A rising jobs tide isn’t lifting all boats equally.
Friday’s jobs report shouldn’t break the benign trend of sub-5% unemployment rate and improving wage growth. But the economic recovery has been uneven in the generational rivalry between millennials and baby boomers. Millennials, who surpassed boomers in sheer numbers last year, account for more than one-fourth of the nation’s population. But they are seeing relatively slower progress on the labor front.
Consider the Labor Department’s employment-population ratio, which measures the share of people who are employed. Among millennials between ages 25 and 34, it hit 77.5% in October. While that figure has risen for much of the past five years, it still hasn’t reclaimed its prefinancial crisis high of 80% in March 2007 or its all-time high of 82.3% in April 2000.
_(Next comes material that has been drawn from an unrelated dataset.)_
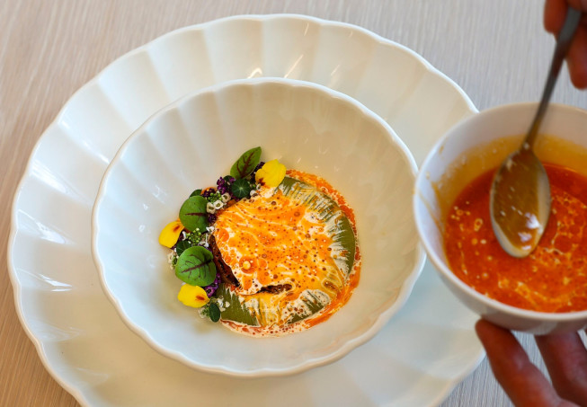 Pepparrubbad älginnanlår med tryffelemulsion, kaprisvinägrett, picklad shiitakesvamp och friterad potatis. Recept av Michael Andersson, Årets Kock 2024.

The numbers are even worse for younger millennials. Roughly half of those in the 16-to-24 age range are employed, far closer to the all-time low of 44% in January 2010 than the peak of 62.1% in August 1989.
By comparison, a slice of the baby-boomer generation has fared much better in this regard. The employment-population ratio among those between ages 55 and 64 hit 62.2% in October, matching the highest since November 2008, just shy of the 62.8% record in March 2008.
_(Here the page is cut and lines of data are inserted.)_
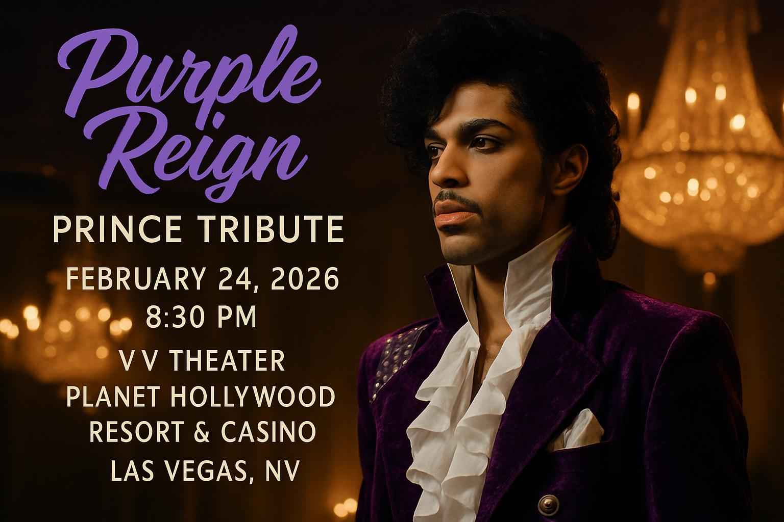 Purple Reign – Prince Tribute takes place on February 24 2026 at 0830 PM at V1 V Theater inside Planet Hollywood Resort and Casino.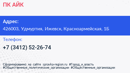 ПК АЙК по адресу 426003, Удмуртия, Ижевск, Красноармейская, 1Б в дальнейшем Организация, размещена в следующих категориях: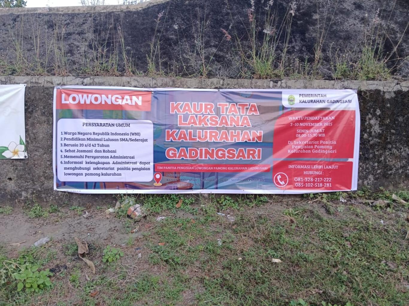 GadingsariNews - Jumat (17/10/2025) Panitia Pengisian Lowongan Pamong memasang banner pengumuman Pengisian Lowongan pamong di tempat-tempat strategis di wilayah Kalurahan Gadingsari.

Some of these trends are benign: Young people are staying in school longer and older people are staying healthy. The shift from blue collar to less physically taxing jobs makes remaining employed easier as well.
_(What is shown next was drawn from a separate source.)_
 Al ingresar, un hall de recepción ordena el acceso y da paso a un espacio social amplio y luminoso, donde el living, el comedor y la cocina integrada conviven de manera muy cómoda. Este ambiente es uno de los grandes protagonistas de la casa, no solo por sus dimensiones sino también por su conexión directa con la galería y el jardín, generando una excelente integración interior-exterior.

But it is also true that younger people could be having a tougher time getting on the jobs ladder. What is more, even their lower employment-population ratio might paint too rosy a picture since the measure doesn’t distinguish between part-time or full-time jobs.
Conversely, the fact that people nearing traditional retirement age or even beyond are more likely to be in the labor force isn’t an unmitigated positive. A big part of the government’s role in fostering a recovery has involved a trade-off: Interest rates are too low for many to live comfortably on a passive income. And rising health-care costs for those not yet eligible for Medicare, or even those who already qualify, may make staying employed a necessity.
Friday’s jobs report is the last before the Federal Reserve’s next policy meeting, where it is widely expected to raise rates. As some boomers’ quandary shows, monetary policy is a blunt instrument with unintended consequences.